Venezio slipped on gloves then grabbed a flashlight before moving in front of Blair, flashing it in her eyes.

“How long has she been like this?”

“I don’t know. Hours.”

“Oh, this shit don’t work then,” he said, flicking off the flashlight. “Pupils only dilate for maybe an hour. But you definitely seem like you’re on something, huh, babe?” he asked, tilting her chin up.

“They stabbed me,” she said, her eyes welling up.

“Yeah? Where?” Venezio asked.

“Arm.”

Venezio pulled down my shirt that she was wearing—now covered in dirt and blood—to inspect the injection site.

“How you been feeling? Double vision? Queasy? Dizzy?”

“Yes. All.”

“Anything else?” Venezio asked, slipping a pulse oximeter on her finger.

“Um. Everything felt weird. Space. Time felt wrong. My heart was pounding. And I had a cold sweat. And… I was crying. A lot.”

That explained how swollen her lids were and how red her cheeks appeared.

Venezio just nodded along like all that was normal as he dug for a blood pressure machine and slid the cuff up her arm.

“Anything else?”

“Maybe some… like… visual disturbances?”

“Disturbances or full hallucinations?”

“I don’t know. It’s becoming blurry.”

“What do you think?” I asked him after he asked her to sit still and not talk for a minute so he could take her blood pressure.

“Could be a few things,” he said, shrugging. “But judging by the injection, symptoms, and the ease of supply, I’m leaning toward ketamine. Salvatore’s got an in at a blood testing place. He can get the results sometime tomorrow.”

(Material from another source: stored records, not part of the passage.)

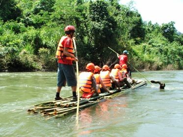 Tuy chưa hết mệt vì hang Tử Thần nhưng tôi vẫn quyết định thử một dịch vụ khá độc đáo của Madagui: “Chèo bè vượt suối”. Nai nịt áo phao gọn gàng, điện thoại di động được bọc nilon cẩn thận, trang bị thêm một cây sào tre, tôi lên bè vượt suối. Khởi hành từ ngã ba sông Tuyết Nhung cùng với một người hướng dẫn của Madagui, bè chúng tôi lúc trôi lờ lững trên dòng suối trong vắt, lúc lại băng lướt ào ào qua ghềnh đá. Về đến đích là bãi Tình Yêu, bước lên bờ mà bên tai tôi vẫn còn văng vẳng tiếng suối reo…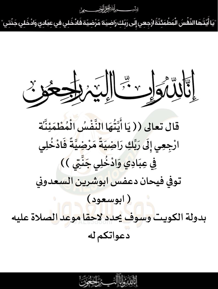 عزي ز Op Twitter توفي اليوم والدي دعواتكم له بالرحمة والمغفرة وانا لله وانا اليه راجعون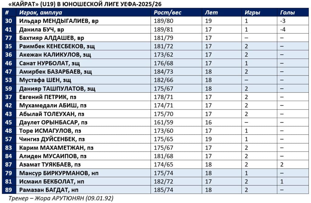 Между прочим, если бы не травмы Александра Заруцкого и Темирлана Анарбекова, ворота «Кайрата» (U19) защищал бы Шерхан Калмурза. Это его команда. А так ее состав выглядит полностью.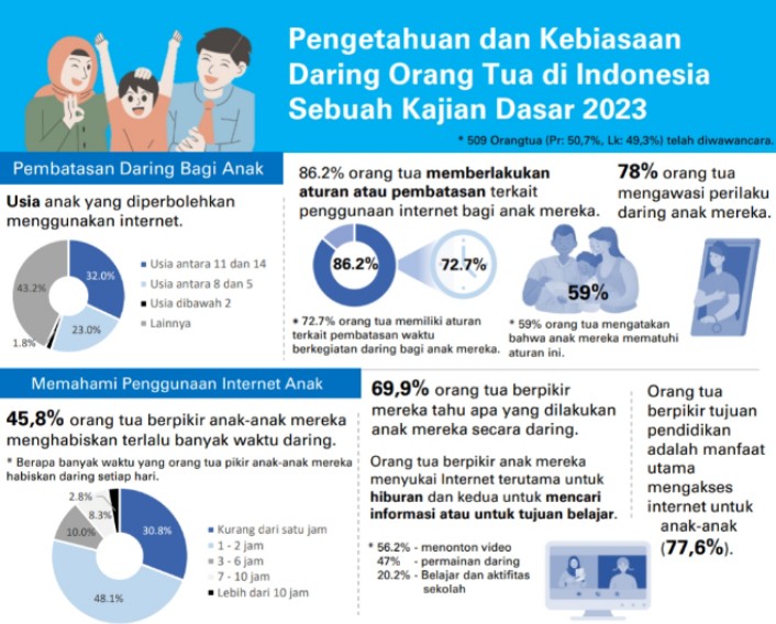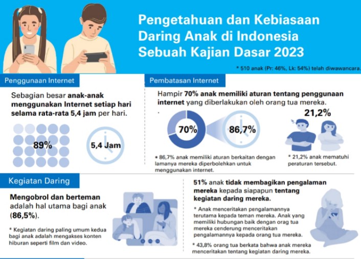 Berdasarkan riset UNICEF yang dilakukan oleh di atas, sebesar 86,2 persen orang tua memberlakukan aturan pembatasan penggunaan internet terhadap anak, 78 persen orang tua mengawasi perilaku daring anak mereka. Lalu, 59 persennya orang tua menyatakan anak-anak mematuhi aturan pembatasan penggunaan internet.

“Will there be lasting issues?”

“Nah. Not from just the one dose. I mean, she might be off for a few days. Dizzy, emotional, headaches, fatigue, that kind of thing. But it will wear off. Nothing long-term to worry about.”

“That’s a relief,” Blair said, words still thick and slow.

“Sounds like I get to play nursemaid for a few days,” I said, rubbing her arm.

“Alright. Walk me through,” Venezio said, pulling off the cuff and marking down notes for, I assumed, Salvatore.

“The door hit me first,” Blair said, touching her face. “And then I fell. Hit my head. Ronny climbed on me and slammed my head into the floor. Danny stabbed me. Then I was out. I don’t know how long. It had to be a while. The sun was starting to go down. When I woke up, my head was screaming.”